Required work → Lines from the line with "The rear of" to the line with "10월이 곧 다가오는데, 로비는 이미 할로윈 장식으로 꾸며져 있어요." in the entries below, and only those, must be output exactly, with both ends included.

Material for this task →

== Segment start ==

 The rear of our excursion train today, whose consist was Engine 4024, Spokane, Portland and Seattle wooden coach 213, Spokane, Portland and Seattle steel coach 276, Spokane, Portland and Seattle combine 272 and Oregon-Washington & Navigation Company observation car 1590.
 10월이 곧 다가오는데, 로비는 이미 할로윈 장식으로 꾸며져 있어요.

== Segment end ==
== Segment start ==

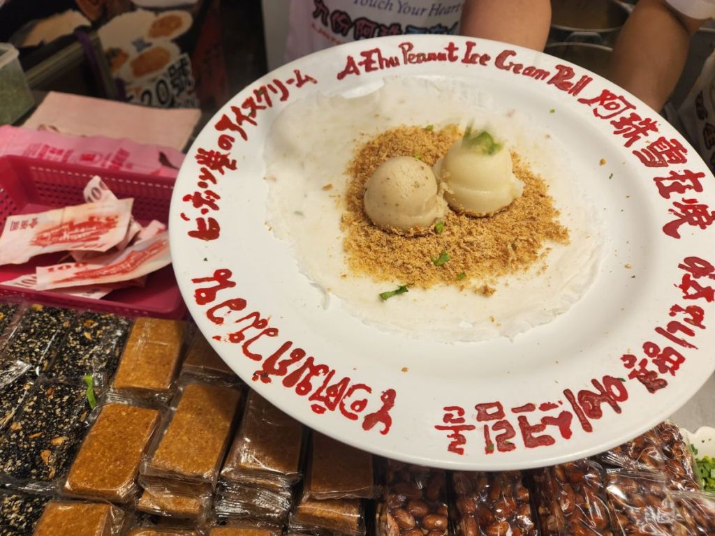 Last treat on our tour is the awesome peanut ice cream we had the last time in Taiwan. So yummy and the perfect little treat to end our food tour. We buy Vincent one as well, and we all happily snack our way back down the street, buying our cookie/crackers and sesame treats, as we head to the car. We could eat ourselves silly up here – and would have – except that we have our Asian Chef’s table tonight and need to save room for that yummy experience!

== Segment end ==

Finished task →
 The rear of our excursion train today, whose consist was Engine 4024, Spokane, Portland and Seattle wooden coach 213, Spokane, Portland and Seattle steel coach 276, Spokane, Portland and Seattle combine 272 and Oregon-Washington & Navigation Company observation car 1590.
 10월이 곧 다가오는데, 로비는 이미 할로윈 장식으로 꾸며져 있어요.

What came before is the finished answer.